● TASK TO CARRY OUT: Reproduce the entire listing exactly as written, apart from its pictures.

● SUPPLIED DATA:
■ ■ ■ ■ ■
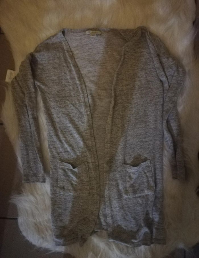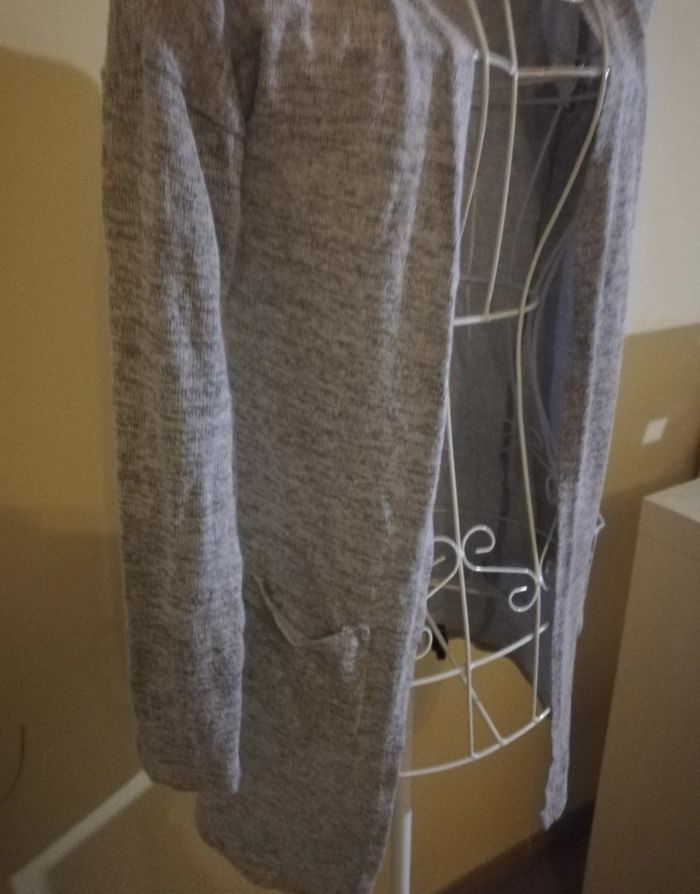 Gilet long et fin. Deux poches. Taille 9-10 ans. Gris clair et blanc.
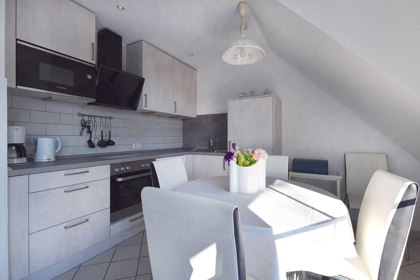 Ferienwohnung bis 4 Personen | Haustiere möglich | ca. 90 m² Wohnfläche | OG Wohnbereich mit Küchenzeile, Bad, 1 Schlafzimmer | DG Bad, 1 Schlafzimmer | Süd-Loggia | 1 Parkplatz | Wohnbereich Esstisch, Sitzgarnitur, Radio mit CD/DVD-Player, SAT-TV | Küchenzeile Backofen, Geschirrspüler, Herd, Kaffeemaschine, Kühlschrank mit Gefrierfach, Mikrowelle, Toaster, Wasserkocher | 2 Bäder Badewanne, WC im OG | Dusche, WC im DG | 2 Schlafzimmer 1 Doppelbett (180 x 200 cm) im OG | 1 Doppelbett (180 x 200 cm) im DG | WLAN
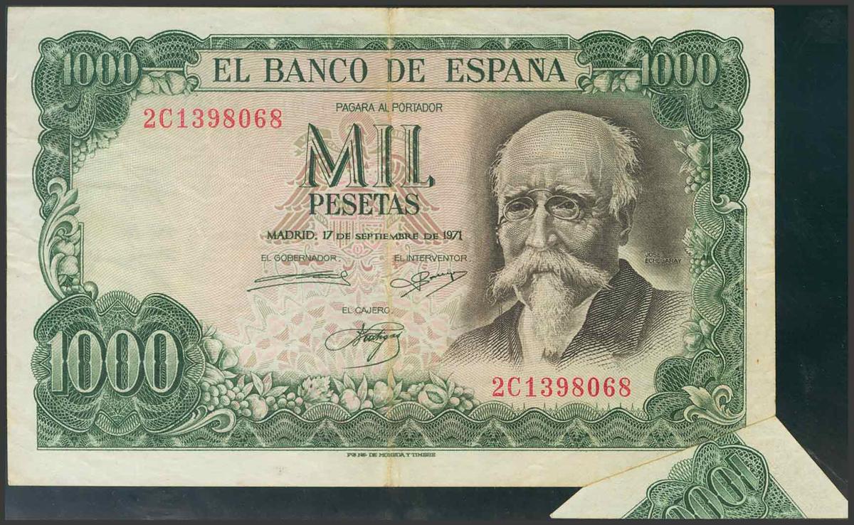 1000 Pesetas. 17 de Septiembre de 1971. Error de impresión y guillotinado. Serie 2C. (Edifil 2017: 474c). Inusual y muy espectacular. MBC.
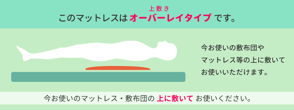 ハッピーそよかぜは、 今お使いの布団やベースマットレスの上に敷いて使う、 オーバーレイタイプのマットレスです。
■ ■ ■ ■ ■
● TASK RESPONSE:
 Gilet long et fin. Deux poches. Taille 9-10 ans. Gris clair et blanc.
 Ferienwohnung bis 4 Personen | Haustiere möglich | ca. 90 m² Wohnfläche | OG Wohnbereich mit Küchenzeile, Bad, 1 Schlafzimmer | DG Bad, 1 Schlafzimmer | Süd-Loggia | 1 Parkplatz | Wohnbereich Esstisch, Sitzgarnitur, Radio mit CD/DVD-Player, SAT-TV | Küchenzeile Backofen, Geschirrspüler, Herd, Kaffeemaschine, Kühlschrank mit Gefrierfach, Mikrowelle, Toaster, Wasserkocher | 2 Bäder Badewanne, WC im OG | Dusche, WC im DG | 2 Schlafzimmer 1 Doppelbett (180 x 200 cm) im OG | 1 Doppelbett (180 x 200 cm) im DG | WLAN
 1000 Pesetas. 17 de Septiembre de 1971. Error de impresión y guillotinado. Serie 2C. (Edifil 2017: 474c). Inusual y muy espectacular. MBC.
 ハッピーそよかぜは、 今お使いの布団やベースマットレスの上に敷いて使う、 オーバーレイタイプのマットレスです。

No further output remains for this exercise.